AI helps determine the suicidal tendency of a person

Many people who decide to commit suicide do not behave too adequately. Someone is constantly in a sullen mood, someone else begins to behave aggressively, but it also happens that a potential suicide does not give himself away. Sometimes it happens that today a person is still having fun with friends, playing guitar and singing, and tomorrow he decides to commit suicide.

According to statistics, about 800,000 people commit suicide every year. Sometimes it happens that the situation, because of which a person decided to die, is not at all hopeless, and if someone spoke to a potential suicide before his death, then the person would simply abandon his idea. Now scientists at Carnegie Mellon University are developing a neural network that can predict when a person decides to kill himself.

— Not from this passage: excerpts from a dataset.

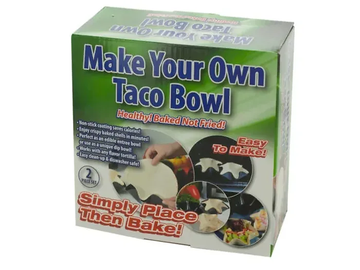 Create delicious taco bowls in minutes with the DIY Taco Bowl Baking Set. This innovative 2-piece set features wavy metal bowls designed to hold tortillas perfectly while baking. Simply place your tortillas in the bowls, bake them to achieve a crispy texture, and enjoy tasty tacos or dips!
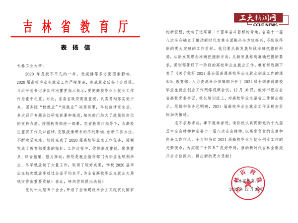 新闻网讯(通讯员:徐培鑫)近日,学校收到吉林省教育厅表扬信,对学校毕业生就业工作提出表扬。信中指出:bevictor伟德国际1946按照教育部统一部署,在省教育厅指导下,注重将工作关口前移,克服疫情带来的不利影响,创新工作方法,不断攻坚克难,较好完成了2020届高校毕业生工作任务,超额完成了教育部要求的指标。工作过程中,学校高度重视、聚焦重点、综合施策、强力推动,特别是就业指导部门为毕业生顺利毕业、尽早就业做了大量工作,取得了较好成果,学校2020届毕业生初次就业率超过全省平均水平,为全省高校毕业生就业大局稳定作出重要贡献!
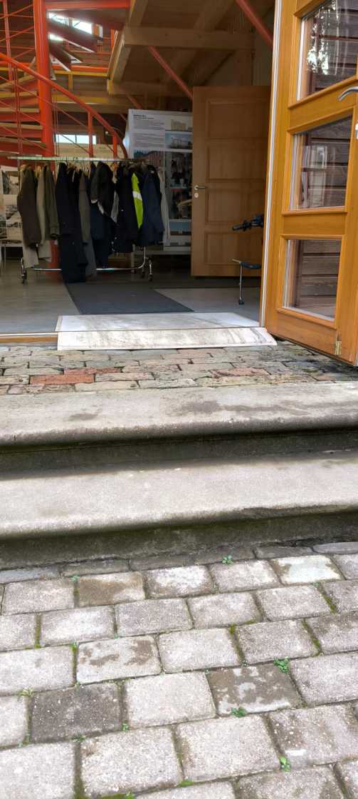 Ēkā var iekļūt no pagalma puses pa uzbrauktuvi. Vienīgi laukums ir par šauru pie ārdurvīm, tāpēc vēlams izmantot asistenta palīdzību, lai pa pārvietojamo rampu tiktu ēkas iekšpusē. Ēkā ir pielāgota tualete.
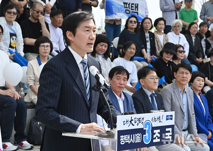 [평택=뉴시스] 김종택기자 = 조국 조국혁신당 대표가 19일 경기 평택시 고덕동 함박산 중앙공원에서 6·3 평택을 국회의원 재선거 출마 기자회견을 하고 있다. 2026.04.19. [email protected]
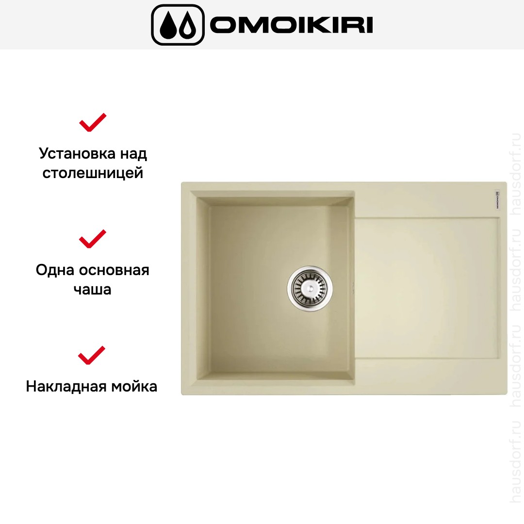 Накладная мойка Omoikiri — отличный выбор для тех, кто хочет создать гармоничное пространство с удобной сантехникой. простой в установке. Преимущество такой конструкции: легко подобрать практически к любой кухне и не придется демонтировать вместе с тумбой при ремонте или перестановке остальной мебели. Данная модель имеет стандартную форму, поэтому подходит большинству пользователей. Устанавливается над столешницей: это самый простой способ монтажа, зачастую с ним можно справиться даже без специалистов, главное — правильно рассчитать размеры ниши.

According to scientists, when a person makes such a decision, certain areas of the brain are involved. “Our last job is to identify brain iterations that are associated with suicidal tendencies,” said Marcel Just, one of the representatives of the project. “This gives us the opportunity to open the window to the brain and see how the brain of a potential suicide works.”

In the course of previous research papers, Just and his colleagues created computer models of the brain for mapping individual sites responsible for certain thoughts and moods. In particular, they were able to identify the signature of sadness, shame, anger and other negative emotions.

The group of volunteers who took part in the project was small - only 34 people. Of these, 17 patients had suicidal tendencies (about half of the participants in this group attempted to commit suicide earlier) and 17 people were completely normal, without suicidal tendencies.

Next, participants underwent an operation such as functional magnetic resonance imaging. During the scan, the volunteer showed 10 cards with words related to suicide (despair, hopelessness, lifelessness), 10 cards with positive words (for example, “carefree”) and 10 cards with just words with negative emotional overtones (“problem”).

After all the volunteers went through the scanning procedure, the scientists chose six terms with the maximum emotional response of the volunteers - “death”, “cruelty”, “problem”, “carelessness”, “good”, “praise”. There were also five areas of the brain, which work for the "suicides" during the demonstration of cards was different from the work of "normal" people.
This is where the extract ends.